For driving directions, I’ve previously relied upon an (expensive) third party navigation app called Don’t Panic. It isn’t great, and suffered the same lack of POIs as the Apple maps app does; but at least I could get vaguely close, and then switch over to Google Maps to find the exact location.
Why not just downgrade, back to iOS5, you might ask? Well, no one likes to downgrade and it wouldn’t fix the core problem anyway. I want a good navigation solution, and nothing has provided me with this on iOS. iOS6 was supposed to fix all that. I would have happily upgraded to the iPhone 5 for turn-by-turn directions alone. I was waiting for that feature ever since it was first announced at the WWDC. What we were promised, and what we received is vastly different.

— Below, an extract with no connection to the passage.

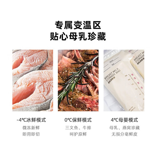 全新一体式高亮门框,一体成型工艺,外观更精致。干湿分储设计,食材独立存放,全空间抑菌技术加持,保证食品新鲜安全。

I’m sure there will be people who do downgrade back to iOS5 for this reason though, and they will find that apps slowly drop support and refuse to install updates; they’ll be forever stuck in some kind of limbo. Or we can wait around for a new Google Maps app to be released, which still won’t have turn-by-turn and is unlikely to arrive anytime soon.
Google Wins Mapping
Google has spent many years gathering information and locations for their superb mapping product, and it’s going to take Apple a long, long time to catch up to anywhere near the same level of quality. I don’t doubt that in the long run, Apple will come back with a fantastic mapping product, something exemplary to suit their gorgeous hardware.
Until then, I need a solution. Tim Cook even went as far as to offer a public apology, admitting their mapping solution wasn’t up to scratch and even suggesting competitors products that could be used instead; but that’s not really a solution, and it’s just not good enough. It is very much out of character for Apple though, so read into that what you will.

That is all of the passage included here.